В комнату вошла мама — высокая и сухая.
— Паша, ну как ты тут, занимаешься? — Она смотрела на меня, близоруко прищуриваясь. На маме были шелковый свитер и любимое ожерелье из кораллов, которое она сделала своими руками. Мама была художницей и любую работу старалась выполнять хорошо — будь то акварельный рисунок морского конька или камчатские креветки в сливочном соусе.
— Да, вот геометрию делаю.
— Хорошо, — мама привычно читала названия книг, стоявших на полке над моей головой: «Моби Дик…», «Сказки южных морей», «Атлас мира». Она вечно что-то читала, особенно когда нервничала.
— Ужин через десять минут. Скоро папа придет.
Она задумчиво постояла, наблюдая, как я черчу треугольники в тетради.
В коридоре кто-то шумно три раза провернул в замке ключом. Дверь отворилась. Послышалось шумное оханье.
— А вот и он, — мама на секунду прикрыла глаза и устало вздохнула. — Собирайся.
Она еще раз задумчиво оглядела полку, стол, веснушки на моем лице и вышла из комнаты.

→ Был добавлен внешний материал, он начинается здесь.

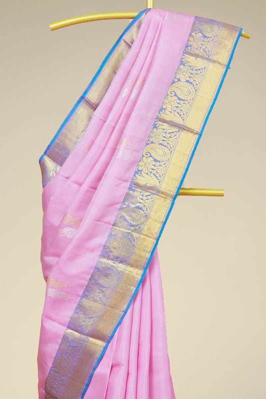 SaleKanchipuram Traditional Classics Saree in Deep Purple with Gold Zari Border and Contrast Pink Edging
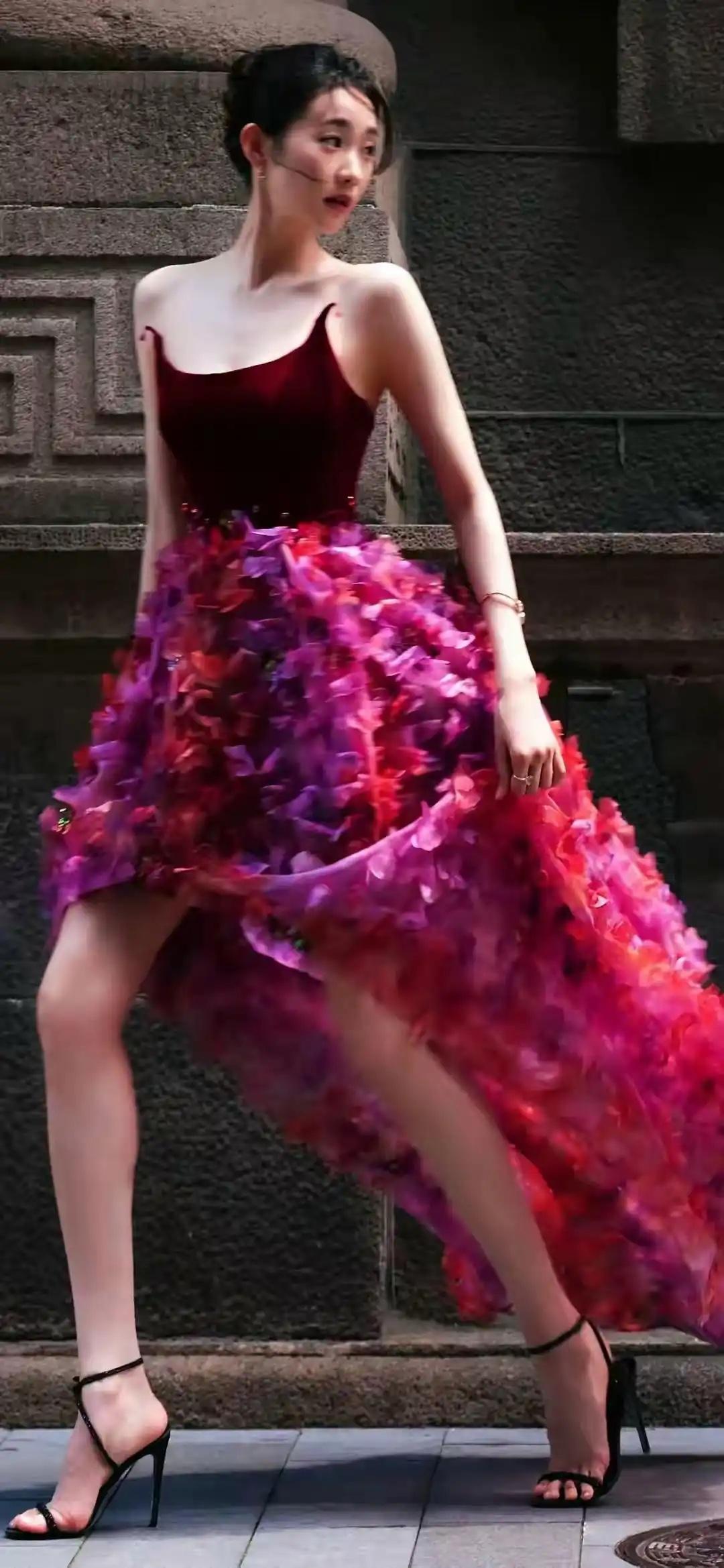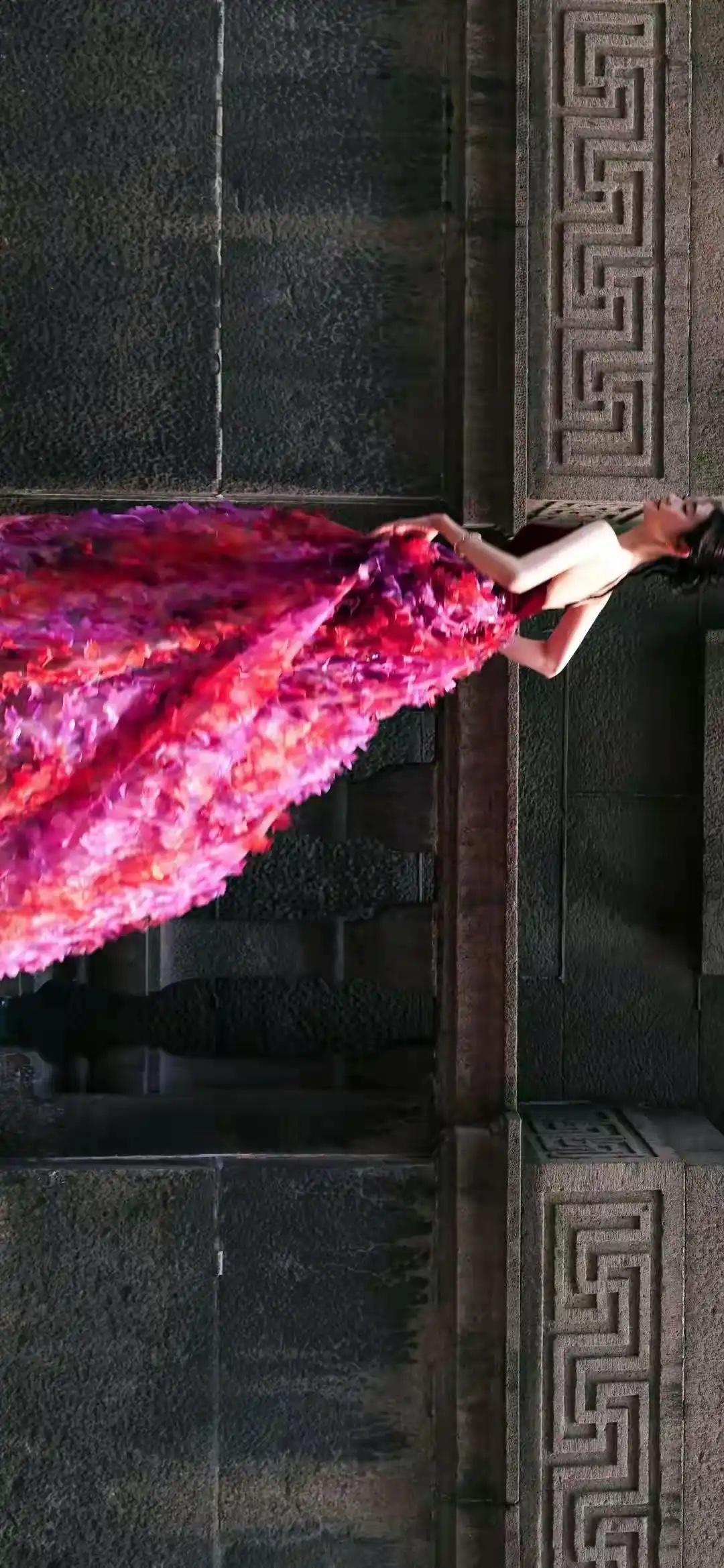 你觉得幸福应该是什么样的惊艳的红色裙摆,优雅地舞动在古风建筑前,仿佛穿越时空的精
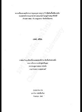 | ชื่อเรื่อง | ความเชื่อและพฤติกรรมการดูแลบุตร อายุ 0-5 ปี เมื่อติดเชื้อเฉียบพลันระบบหายใจ ของมารดาชาวเขาเผ่าม้ง ในหมู่บ้านพญาพิภักดิ์ ตำบลยางฮอม อำเภอขุนตาล จังหวัดเชียงราย / ปรัศนี ศรีวิชัย |
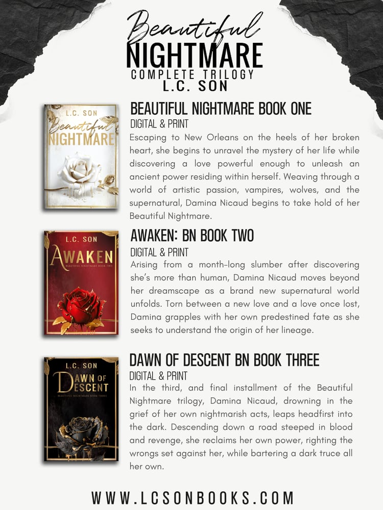 - All three books: Beautiful Nightmare, Awaken, Dawn of Descent

Я сразу понял, что будет дальше. Это случалось почти каждый вечер. Отец, профессор истории, возвращался с лекций полусонный, голодный; он ворчливо, но покорно снимал грязную обувь на коврике у входа. Впрочем, смысла в этом было немного: отец, крупный, неуклюжий, то и дело выходил за границы коврика, случайно наступая на чистый пол черными ботинками из кожзаменителя. Тут же появлялась мама, пахнущая специями, и начинала:
— Отойди! Опять грязь несешь в дом!
— Ничего страшного, — бурчал отец. — Я лишь немного наступил.
— Все равно теперь пол мыть! — раздраженно выдыхала мама. — Опять! Я ведь только утром помыла!
В ее голосе смешивались досада, усталость от быта и желание поскандалить.
— Не надо ничего мыть, — ворчал отец. — Все нормально.
— Нет! Не нормально!
— А я говорю, нормально! — он слегка повышал голос.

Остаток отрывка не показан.